I made a right at the blinking light and then took the first left. I got out near the canyon rim and began to walk the ridge line. Down below I could see the town of Valdez. I had the feeling that with the right wind my feet would leave the ground, that I would float in currents with the ravens, who drifted above the small adobe houses huddled below in fields. I wanted to fly. I visualized magpies and hawks, but I couldn’t feel the essential motion of a bird. My heart wanted to soar, but I couldn’t lift my body. How do I feel as free as I did that one day out behind the Luhan house? I couldn’t go back to the cottonwood. It had already given me its gift. I told Gauguin to fuck off when he said I wasn’t disciplined about painting.

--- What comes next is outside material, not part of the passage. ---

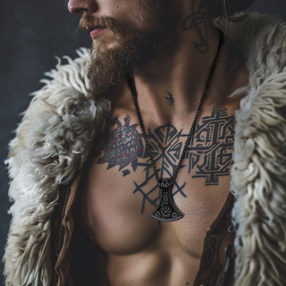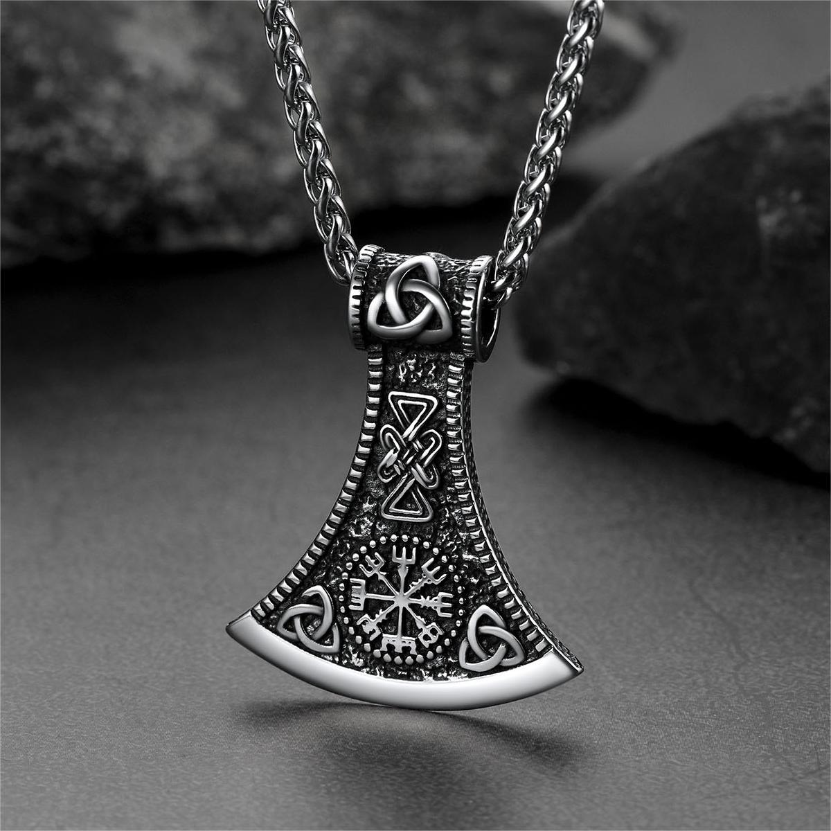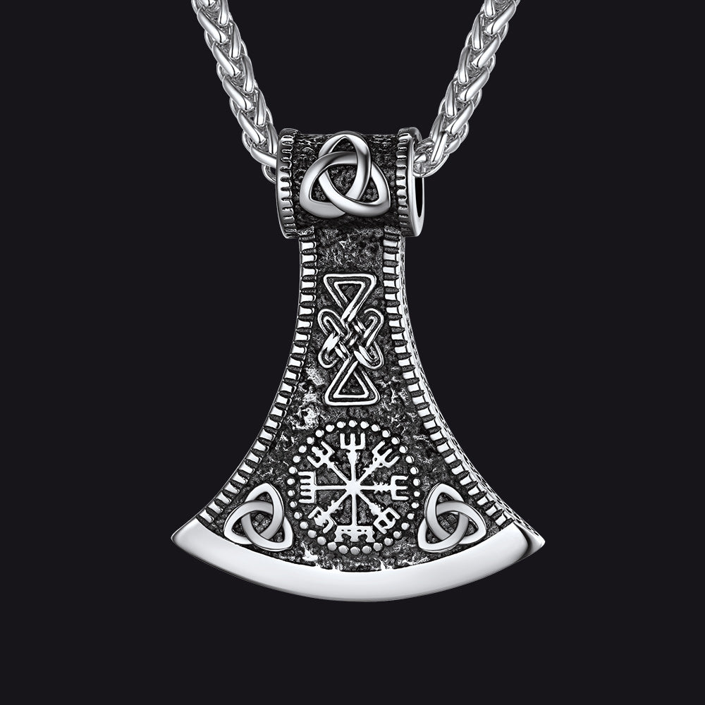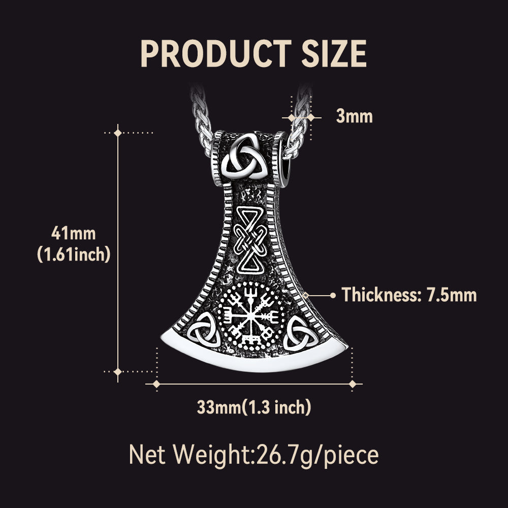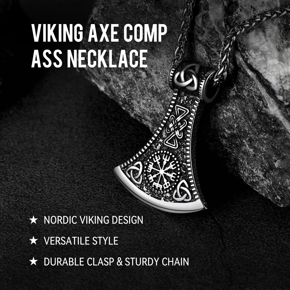 O colar com pingente de machado viking e Vegvisirs é um símbolo de poder e força. A bússola oferece proteção e orientação para aqueles que se sentem perdidos na própria vida. Feito de aço inoxidável 316L, hipoalergênico e livre de chumbo. Este colar viking é uma escolha valiosa para pai, marido, namorado, amigos, irmão ou até mesmo para você no Halloween, Natal, aniversário, festa, aniversário, Dia dos Pais ou Dia dos Namorados.

I told him it was none of his business, it wasn’t my style to practice scales like he did. But what was my style?

I was concentrating on how to fly. The sky was an intense blue—deeper than blue—it was heaven and it was calling me. My legs were hanging out my red shorts, and in my mind they were lifting.

Just then I saw someone walking in the opposite direction on the ridge. We came upon each other face to face. She was the tallest human being I had ever met. I arched my head, like a finch to a stork, and the first words I said to her were, “How tall are you?”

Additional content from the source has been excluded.